START Available records
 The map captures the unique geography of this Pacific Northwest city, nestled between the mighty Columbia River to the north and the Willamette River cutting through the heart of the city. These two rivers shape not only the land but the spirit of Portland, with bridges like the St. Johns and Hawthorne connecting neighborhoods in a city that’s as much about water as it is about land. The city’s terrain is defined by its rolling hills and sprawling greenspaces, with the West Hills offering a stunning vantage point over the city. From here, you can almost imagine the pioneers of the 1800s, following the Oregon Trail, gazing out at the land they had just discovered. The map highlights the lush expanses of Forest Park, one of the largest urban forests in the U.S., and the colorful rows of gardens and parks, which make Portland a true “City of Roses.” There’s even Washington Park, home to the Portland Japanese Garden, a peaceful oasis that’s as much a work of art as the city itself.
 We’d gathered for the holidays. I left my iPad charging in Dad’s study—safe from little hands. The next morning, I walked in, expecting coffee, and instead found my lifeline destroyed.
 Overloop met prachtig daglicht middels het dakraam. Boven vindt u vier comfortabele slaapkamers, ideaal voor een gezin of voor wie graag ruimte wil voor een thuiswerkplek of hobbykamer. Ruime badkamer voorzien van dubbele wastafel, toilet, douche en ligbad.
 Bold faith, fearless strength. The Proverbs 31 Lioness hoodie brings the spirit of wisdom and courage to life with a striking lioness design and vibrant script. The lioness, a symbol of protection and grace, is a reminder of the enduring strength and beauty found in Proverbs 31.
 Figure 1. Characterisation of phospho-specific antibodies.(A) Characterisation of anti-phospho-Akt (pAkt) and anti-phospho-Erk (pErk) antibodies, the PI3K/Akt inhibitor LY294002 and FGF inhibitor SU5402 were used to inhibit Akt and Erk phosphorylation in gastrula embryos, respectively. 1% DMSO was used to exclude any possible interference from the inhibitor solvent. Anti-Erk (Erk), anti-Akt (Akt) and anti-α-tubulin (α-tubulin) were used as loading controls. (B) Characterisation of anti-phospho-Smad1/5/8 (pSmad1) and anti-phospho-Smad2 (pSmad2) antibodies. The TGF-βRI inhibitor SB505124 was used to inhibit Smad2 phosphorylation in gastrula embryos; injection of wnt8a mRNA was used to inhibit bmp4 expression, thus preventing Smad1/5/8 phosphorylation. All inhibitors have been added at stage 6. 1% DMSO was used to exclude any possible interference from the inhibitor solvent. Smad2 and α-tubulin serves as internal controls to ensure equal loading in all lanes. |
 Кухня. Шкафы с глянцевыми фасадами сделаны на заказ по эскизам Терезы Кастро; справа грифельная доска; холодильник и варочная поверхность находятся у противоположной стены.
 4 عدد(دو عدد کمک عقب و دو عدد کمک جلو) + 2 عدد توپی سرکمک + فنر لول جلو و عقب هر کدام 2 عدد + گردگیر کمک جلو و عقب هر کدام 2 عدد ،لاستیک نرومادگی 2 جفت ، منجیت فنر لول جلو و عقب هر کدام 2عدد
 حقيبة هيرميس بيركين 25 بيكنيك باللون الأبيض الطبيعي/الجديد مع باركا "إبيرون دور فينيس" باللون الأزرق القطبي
END Available records
* [What is required]:
Transcribe the whole listing with every word preserved.

* [Solution]:
 The map captures the unique geography of this Pacific Northwest city, nestled between the mighty Columbia River to the north and the Willamette River cutting through the heart of the city. These two rivers shape not only the land but the spirit of Portland, with bridges like the St. Johns and Hawthorne connecting neighborhoods in a city that’s as much about water as it is about land. The city’s terrain is defined by its rolling hills and sprawling greenspaces, with the West Hills offering a stunning vantage point over the city. From here, you can almost imagine the pioneers of the 1800s, following the Oregon Trail, gazing out at the land they had just discovered. The map highlights the lush expanses of Forest Park, one of the largest urban forests in the U.S., and the colorful rows of gardens and parks, which make Portland a true “City of Roses.” There’s even Washington Park, home to the Portland Japanese Garden, a peaceful oasis that’s as much a work of art as the city itself.
 We’d gathered for the holidays. I left my iPad charging in Dad’s study—safe from little hands. The next morning, I walked in, expecting coffee, and instead found my lifeline destroyed.
 Overloop met prachtig daglicht middels het dakraam. Boven vindt u vier comfortabele slaapkamers, ideaal voor een gezin of voor wie graag ruimte wil voor een thuiswerkplek of hobbykamer. Ruime badkamer voorzien van dubbele wastafel, toilet, douche en ligbad.
 Bold faith, fearless strength. The Proverbs 31 Lioness hoodie brings the spirit of wisdom and courage to life with a striking lioness design and vibrant script. The lioness, a symbol of protection and grace, is a reminder of the enduring strength and beauty found in Proverbs 31.
 Figure 1. Characterisation of phospho-specific antibodies.(A) Characterisation of anti-phospho-Akt (pAkt) and anti-phospho-Erk (pErk) antibodies, the PI3K/Akt inhibitor LY294002 and FGF inhibitor SU5402 were used to inhibit Akt and Erk phosphorylation in gastrula embryos, respectively. 1% DMSO was used to exclude any possible interference from the inhibitor solvent. Anti-Erk (Erk), anti-Akt (Akt) and anti-α-tubulin (α-tubulin) were used as loading controls. (B) Characterisation of anti-phospho-Smad1/5/8 (pSmad1) and anti-phospho-Smad2 (pSmad2) antibodies. The TGF-βRI inhibitor SB505124 was used to inhibit Smad2 phosphorylation in gastrula embryos; injection of wnt8a mRNA was used to inhibit bmp4 expression, thus preventing Smad1/5/8 phosphorylation. All inhibitors have been added at stage 6. 1% DMSO was used to exclude any possible interference from the inhibitor solvent. Smad2 and α-tubulin serves as internal controls to ensure equal loading in all lanes. |
 Кухня. Шкафы с глянцевыми фасадами сделаны на заказ по эскизам Терезы Кастро; справа грифельная доска; холодильник и варочная поверхность находятся у противоположной стены.
 4 عدد(دو عدد کمک عقب و دو عدد کمک جلو) + 2 عدد توپی سرکمک + فنر لول جلو و عقب هر کدام 2 عدد + گردگیر کمک جلو و عقب هر کدام 2 عدد ،لاستیک نرومادگی 2 جفت ، منجیت فنر لول جلو و عقب هر کدام 2عدد
 حقيبة هيرميس بيركين 25 بيكنيك باللون الأبيض الطبيعي/الجديد مع باركا "إبيرون دور فينيس" باللون الأزرق القطبي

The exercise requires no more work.